Pros and Cons of Smart locks: What Professional Locksmiths Need to Know

Posted by on Mar 20th 2020

Smart locks and smart home devices have become popular recently, with more home and office security systems and appliances adopting wireless and keyless access. For some, it is a matter of convenience, while others may prefer such technology. Using a combination of physical keys, access codes, and smart devices, individuals have multiple ways of accessing their locking system.

The smart lock market has grown to $3.6 billion by 2019 and as technology continues to develop, it is bound to increase further in the coming months. Early adopters have replaced traditional locks with smart locks, taking control of their home security even when they are away from home. In addition to being able to unlock and lock your front door remotely, there many other benefits to upgrading a facility with smart locks.

Pros of Having a Smart Lock

One immediate perk smart locks will provide is the ease of access a client will experience when entering the premises.

He or she will no longer need to worry about forgetting house or office keys or inadvertently get them stuck in the lock. Instead the door unlocks virtually instantaneously using a code, smartphone, or key FOB.

Perhaps the most important feature of smart locks is the ability they give someone to monitor the home or office and have a record of who entered when.

Users can also lock and unlock any smart lock equipped door remotely. Gone are the days of forgetting whether someone forgot to lock the door and returning to ensure he or she had done so.

If many people constantly go in and out, but the door must stay locked, each user can have his or her own access code. The owner will know will have instant access to a list of who opened the door and when.

For homeowners, a person can remotely check to see if children have arrived safely or monitor the comings and goings of guests.

If the owner expects a guest, babysitter, or workman, each can be given a temporary code for them to access the entrance. Instead of leaving keys with a neighbor or under a flowerpot, the client can provide a unique, one-time use code that expires after the visit.
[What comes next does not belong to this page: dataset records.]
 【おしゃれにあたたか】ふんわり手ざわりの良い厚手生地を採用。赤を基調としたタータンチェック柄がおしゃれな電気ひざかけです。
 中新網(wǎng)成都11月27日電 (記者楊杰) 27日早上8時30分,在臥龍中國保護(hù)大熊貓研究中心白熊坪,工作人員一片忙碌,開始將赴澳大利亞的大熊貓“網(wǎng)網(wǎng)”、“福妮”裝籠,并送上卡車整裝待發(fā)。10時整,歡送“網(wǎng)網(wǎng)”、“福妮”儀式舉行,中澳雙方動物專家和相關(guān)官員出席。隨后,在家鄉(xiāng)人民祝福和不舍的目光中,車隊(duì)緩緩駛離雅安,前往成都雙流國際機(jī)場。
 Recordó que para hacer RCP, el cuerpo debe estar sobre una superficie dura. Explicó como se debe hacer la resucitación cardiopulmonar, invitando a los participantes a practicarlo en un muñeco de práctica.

These codes can be changed regularly so that only specific people have access to the property.

Instead of changing your locks to prevent an old tenant or property manager from entering, you can inform you clients how smart locks let you change access codes instead. Additionally, many smart locks don’t use keys, consequently preventing break-ins by deterring traditional lock pickers from using advanced lock picking tools to open your door.
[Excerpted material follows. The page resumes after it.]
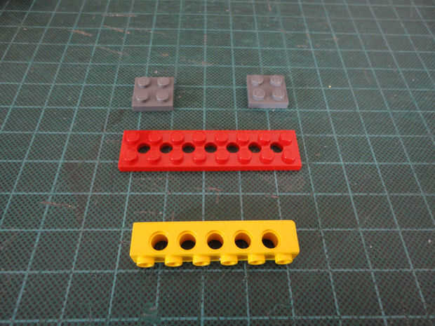 La foto 1, 2, 3, 4, 5 Dos 2 x 2 de la placa (#3022), 2 x 8 técnica de la placa (#3738) y 1 x 6 técnica ladrillo (#3894)

For your clients, smart locks work with the rest of the smart home or office, allowing automation such as having the lights turn on when the door is unlocked. This sort of connectivity can also set music to play or curtains to go up or down. Home and office automation systems are capable of a lot, and smart locks are just part of the system.
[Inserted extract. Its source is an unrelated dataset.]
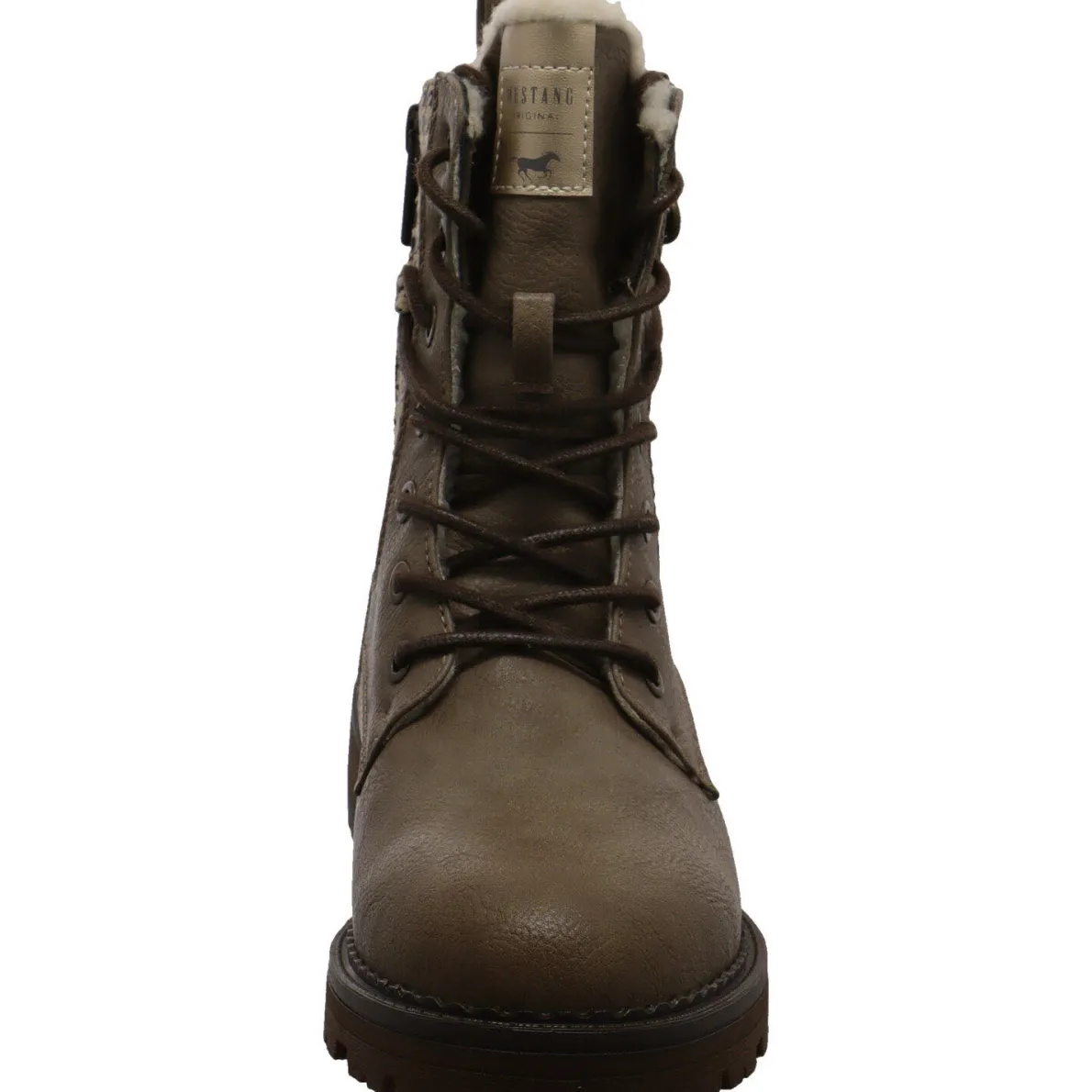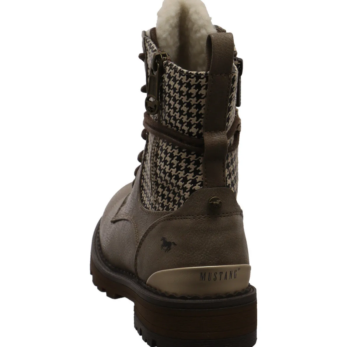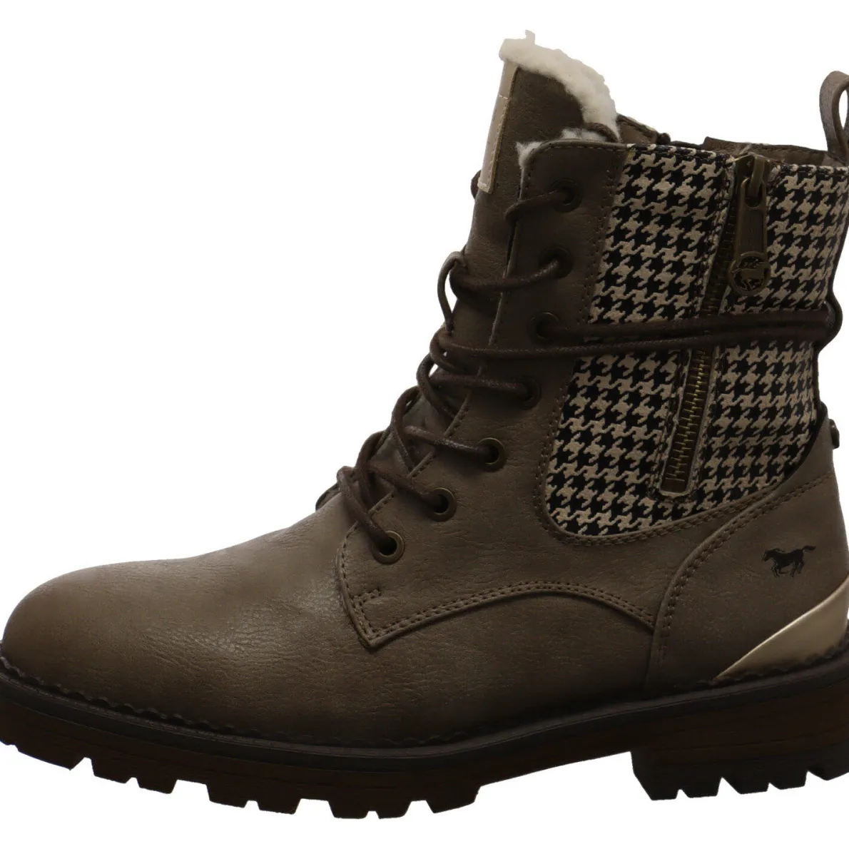 Diese individuelle Damen Winter Schnürstiefelette in Beige von Mustang besticht mit attraktivem Lederimitat und verleiht dir einen coolen Auftritt. Der Einsatz mit dem auffällligen Muster am Schaft in Verbindung mit dem Zierreißverschluss in Gold sind absolute Hingucker.

Cons of Having a Smart Lock

For those who have a better ability to hold onto keys then remember numbers, smart locks may not be the best choice. Alternatively, however, you can educate your clients about smart lock systems that use smartphones or key FOBs.

Ensure you mention that the smart lock user should change codes regularly, especially if other people access the property. Additionally, keys pressed repeatedly will begin to wear and changing the codes allows other buttons to be pressed instead.

Smart lock systems run on electricity and Wi-Fi rather than a manual key entry system. If a power failure occurs, the smart lock will not be able to be engaged with a code, smartphone, or key FOB.

If a client uses a smartphone but does not have a code backup, if the phone dies or is lost the client won’t be able to open the door.

Additionally, if there is an issue with the Wi-Fi in the home, the smartphone may not engage the lock and a pin or code must be used.

Having a key option too may be a good back up if technology fails temporarily. If the door is locked during a power outage and has a key option, it can be opened by a professional locksmith with the correct tools.

Smart locks can also be too expensive for some. Smart locks can cost a few times more than standard lock systems. Requiring a Wi-Fi connection to function also increases their price points.

Lastly, all things connected to the internet have the potential to be hacked. Advanced hackers may be able to bypass the lock mechanism and unlock the door. On the upside, however, the smart system will notify you if this occurs. Make sure your system has the available to ensure this doesn't happen.

Final Thoughts

Smart locks have several benefits for the modern user and can provide a great addition to a smart home. While there are some potential drawbacks to using such a system, you can offer your client several options to minimize any potential problems.